CBOT Corn Review on Tuesday: Thin gains; shrugs off good weather

 

 

Corn futures at the Chicago Board of Trade finished Tuesday with light gains, shrugging off earlier modest losses as speculative buying helped reverse the declines after midday, sources said.

 

May corn settled 3/4 cent higher at US$2.42 per bushel, July corn gained 1 cent to US$2.53 3/4 and December corn finished 1 cent higher at US$2.73 3/4.

 

The weather is favorable to planting corn but speculators took the opportunity to buy corn when it couldn't trade below US$2.39 in the May and held US$2.70 in December, a floor analyst said.

 

"Nobody really wants to short corn," a commission house analyst said. The funds are long, and until they decide to sell, any market declines will be short-lived.

 

Earlier, weather forecasts favorable for corn planting and light technical weakness limited buying interest in a relatively quiet trading session, a floor trader said.

 

In addition, some people took the opportunity to unwind their long corn-short soybeans and long corn-short wheat trades, he added.

 

Spillover from firm soybean and wheat futures helped provide some support, the trader noted.

 

May wheat rose 6 1/2 cents to US$3.67 1/2 and May soybeans gained 7 1/4 cents to US$5.62 1/2 per bushel.

 

In the western U.S. Midwest, scattered showers and thunderstorms are forecast over the next 24 hours with amounts of .10-.50 inch expected, DTN Meteorlogix Weather said.
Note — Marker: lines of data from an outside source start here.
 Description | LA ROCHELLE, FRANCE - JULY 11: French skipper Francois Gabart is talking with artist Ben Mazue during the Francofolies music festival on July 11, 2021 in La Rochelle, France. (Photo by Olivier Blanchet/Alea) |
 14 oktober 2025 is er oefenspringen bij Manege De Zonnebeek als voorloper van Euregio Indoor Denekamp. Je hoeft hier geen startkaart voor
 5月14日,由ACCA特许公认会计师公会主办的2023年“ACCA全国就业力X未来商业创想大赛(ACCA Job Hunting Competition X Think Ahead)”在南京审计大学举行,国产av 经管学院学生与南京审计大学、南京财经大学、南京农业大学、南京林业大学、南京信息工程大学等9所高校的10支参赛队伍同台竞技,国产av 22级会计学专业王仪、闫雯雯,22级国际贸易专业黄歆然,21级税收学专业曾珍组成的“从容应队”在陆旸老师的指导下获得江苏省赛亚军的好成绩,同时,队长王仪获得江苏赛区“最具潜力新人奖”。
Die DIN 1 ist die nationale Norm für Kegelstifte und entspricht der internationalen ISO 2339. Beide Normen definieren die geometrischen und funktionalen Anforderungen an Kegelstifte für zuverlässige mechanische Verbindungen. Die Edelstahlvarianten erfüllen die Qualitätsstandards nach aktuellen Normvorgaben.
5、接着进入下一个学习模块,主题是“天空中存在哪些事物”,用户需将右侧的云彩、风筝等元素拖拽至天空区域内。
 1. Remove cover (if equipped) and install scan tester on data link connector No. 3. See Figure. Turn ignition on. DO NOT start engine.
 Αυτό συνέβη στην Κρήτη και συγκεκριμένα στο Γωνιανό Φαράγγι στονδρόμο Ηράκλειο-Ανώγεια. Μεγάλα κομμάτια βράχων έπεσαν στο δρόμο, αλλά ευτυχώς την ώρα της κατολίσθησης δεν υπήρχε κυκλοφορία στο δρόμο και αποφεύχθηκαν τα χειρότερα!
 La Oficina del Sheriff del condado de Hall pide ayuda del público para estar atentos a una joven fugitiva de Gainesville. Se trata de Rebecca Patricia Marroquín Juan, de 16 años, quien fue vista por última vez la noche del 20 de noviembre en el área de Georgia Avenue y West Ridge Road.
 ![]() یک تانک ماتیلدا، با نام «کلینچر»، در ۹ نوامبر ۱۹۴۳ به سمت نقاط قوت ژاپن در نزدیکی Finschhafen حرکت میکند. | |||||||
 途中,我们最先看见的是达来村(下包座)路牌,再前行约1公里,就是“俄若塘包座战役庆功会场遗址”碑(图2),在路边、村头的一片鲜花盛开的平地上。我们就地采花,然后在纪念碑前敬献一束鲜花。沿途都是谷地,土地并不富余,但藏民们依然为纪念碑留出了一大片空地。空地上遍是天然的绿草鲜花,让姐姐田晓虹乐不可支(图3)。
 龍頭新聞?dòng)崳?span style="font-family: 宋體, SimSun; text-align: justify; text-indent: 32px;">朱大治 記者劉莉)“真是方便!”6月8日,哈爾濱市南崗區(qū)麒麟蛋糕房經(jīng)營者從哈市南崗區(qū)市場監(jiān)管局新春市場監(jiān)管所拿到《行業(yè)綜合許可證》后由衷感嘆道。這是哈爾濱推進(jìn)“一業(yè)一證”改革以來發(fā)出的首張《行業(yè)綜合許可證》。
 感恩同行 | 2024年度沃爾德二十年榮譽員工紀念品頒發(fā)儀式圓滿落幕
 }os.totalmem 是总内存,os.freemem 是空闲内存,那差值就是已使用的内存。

Mostly dry weather returns through Friday before another round of showers and thunderstorms are expected on Saturday.

 

In the eastern U.S. Midwest scattered showers and thunderstorms are predicted on Wednesday with amounts of .10-.50 inch and locally heavier, DTN Meteorlogix Weather said. Dry conditions return to the region Thursday, before light scattered showers are forecast for Friday and Saturday, they added. Temperatures over the next 6-10 days are predicted near to above normal across much of the U.S. Midwest.

 

Buyers Tuesday included Calyon Financial, which bought 1,000 December. JP Morgan bought 1,000 July and 400 December, Citigroup bought 400 December, RJ O'Brien bought 400 May, Fimat bought 300 May and 300 July, and DT Trading bought 300 May.

 

Sellers Tuesday included O'Connor, which sold 200 May and 800 December. JP Morgan sold 600 December, Tenco sold 700 December, Fimat sold 600 May, UBS sold 400 December, and FC Stonnee sold 400 December.

 

Oat futures finished mixed as light short covering helped steady prices, floor sources said. The May contract ended down 1 cent at US$1.71 1/4 while the July contract gained 1/4 cent to US$1.76 3/4.

 

Ethanol futures ended mostly higher. The April contract did not trade but rose 5 1/2 cents higher to US$2.73 per gallon. The May contract settled 5 cents higher to US$2.73.